• Your assignment
Where the line containing "Önskar vänner Glad" appears, begin retyping; continue exactly through the final line of the data. Omit every picture.

-------------------------

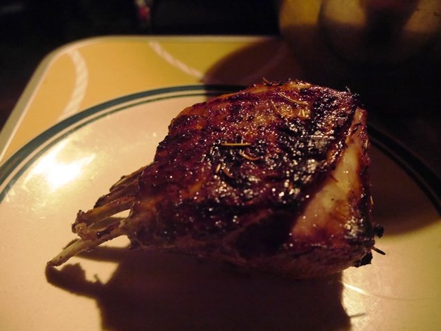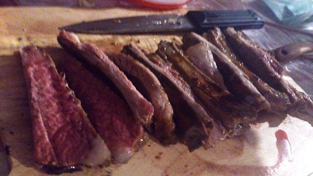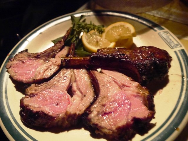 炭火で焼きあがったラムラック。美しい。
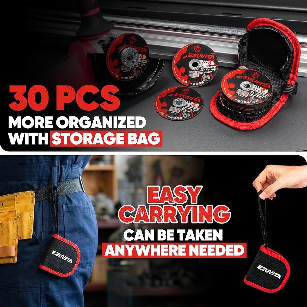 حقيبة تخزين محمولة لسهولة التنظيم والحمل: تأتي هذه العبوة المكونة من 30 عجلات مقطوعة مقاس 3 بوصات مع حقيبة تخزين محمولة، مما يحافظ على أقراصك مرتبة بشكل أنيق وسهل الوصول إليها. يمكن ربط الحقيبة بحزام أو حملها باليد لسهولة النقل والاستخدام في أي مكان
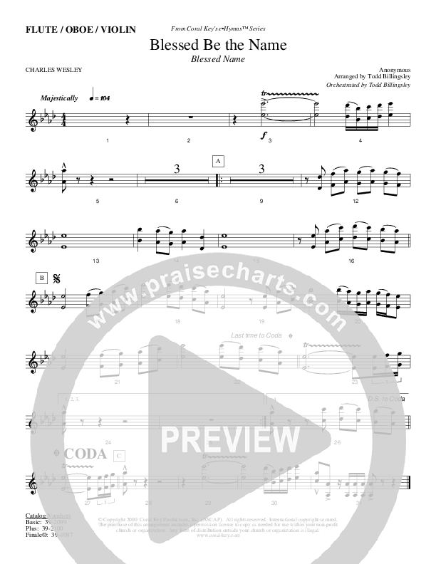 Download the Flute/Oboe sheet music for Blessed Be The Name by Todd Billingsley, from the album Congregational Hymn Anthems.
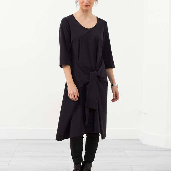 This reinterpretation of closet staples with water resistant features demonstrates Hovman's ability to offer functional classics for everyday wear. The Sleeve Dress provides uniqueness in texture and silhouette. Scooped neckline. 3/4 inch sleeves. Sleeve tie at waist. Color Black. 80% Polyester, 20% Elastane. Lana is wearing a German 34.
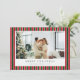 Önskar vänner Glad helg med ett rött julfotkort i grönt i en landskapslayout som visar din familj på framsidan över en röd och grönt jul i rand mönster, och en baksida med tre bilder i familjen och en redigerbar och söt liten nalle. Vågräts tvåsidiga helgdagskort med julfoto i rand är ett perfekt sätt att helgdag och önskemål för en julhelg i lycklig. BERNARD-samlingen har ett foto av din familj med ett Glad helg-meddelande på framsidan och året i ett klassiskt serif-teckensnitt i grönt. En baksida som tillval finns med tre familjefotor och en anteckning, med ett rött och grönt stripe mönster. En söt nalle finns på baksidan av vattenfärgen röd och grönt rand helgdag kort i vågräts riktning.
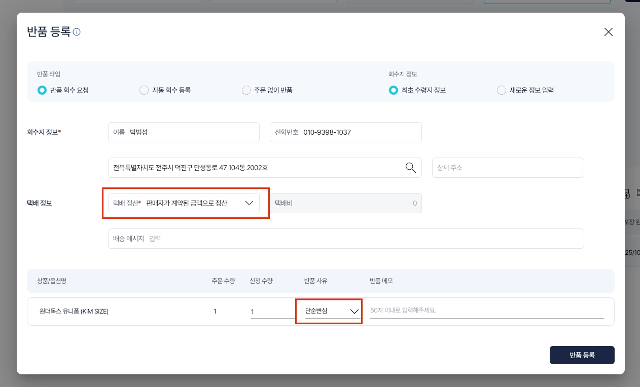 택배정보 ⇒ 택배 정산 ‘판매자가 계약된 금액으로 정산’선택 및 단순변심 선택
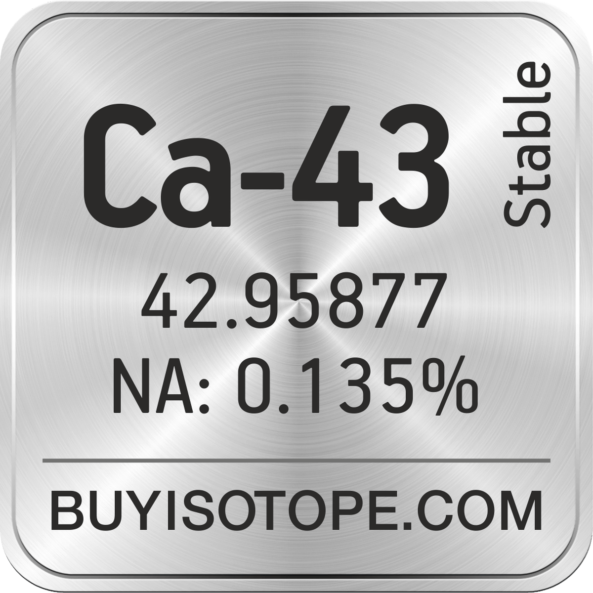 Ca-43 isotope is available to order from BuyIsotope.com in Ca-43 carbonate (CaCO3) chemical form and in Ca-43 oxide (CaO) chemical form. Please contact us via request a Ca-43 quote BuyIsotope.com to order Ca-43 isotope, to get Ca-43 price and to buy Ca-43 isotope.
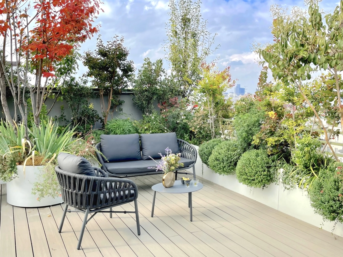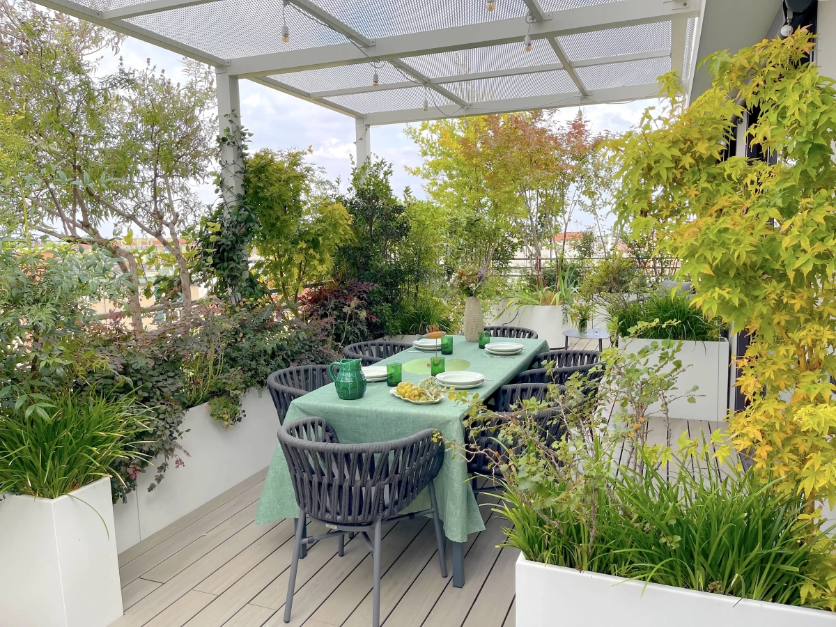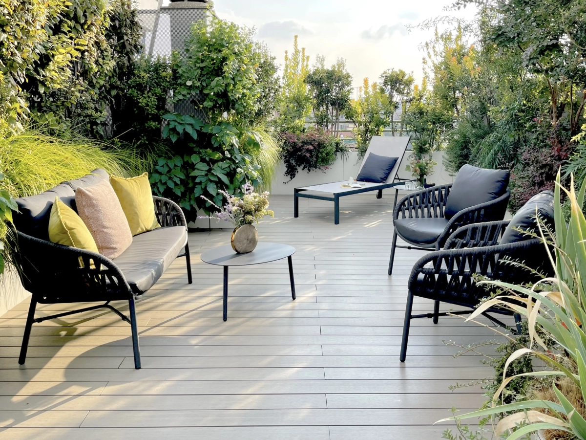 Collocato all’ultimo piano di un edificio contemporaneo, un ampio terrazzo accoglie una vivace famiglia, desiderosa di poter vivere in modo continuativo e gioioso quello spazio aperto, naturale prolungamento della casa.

-------------------------

• Problem solution
 Önskar vänner Glad helg med ett rött julfotkort i grönt i en landskapslayout som visar din familj på framsidan över en röd och grönt jul i rand mönster, och en baksida med tre bilder i familjen och en redigerbar och söt liten nalle. Vågräts tvåsidiga helgdagskort med julfoto i rand är ett perfekt sätt att helgdag och önskemål för en julhelg i lycklig. BERNARD-samlingen har ett foto av din familj med ett Glad helg-meddelande på framsidan och året i ett klassiskt serif-teckensnitt i grönt. En baksida som tillval finns med tre familjefotor och en anteckning, med ett rött och grönt stripe mönster. En söt nalle finns på baksidan av vattenfärgen röd och grönt rand helgdag kort i vågräts riktning.
 택배정보 ⇒ 택배 정산 ‘판매자가 계약된 금액으로 정산’선택 및 단순변심 선택
 Ca-43 isotope is available to order from BuyIsotope.com in Ca-43 carbonate (CaCO3) chemical form and in Ca-43 oxide (CaO) chemical form. Please contact us via request a Ca-43 quote BuyIsotope.com to order Ca-43 isotope, to get Ca-43 price and to buy Ca-43 isotope.
 Collocato all’ultimo piano di un edificio contemporaneo, un ampio terrazzo accoglie una vivace famiglia, desiderosa di poter vivere in modo continuativo e gioioso quello spazio aperto, naturale prolungamento della casa.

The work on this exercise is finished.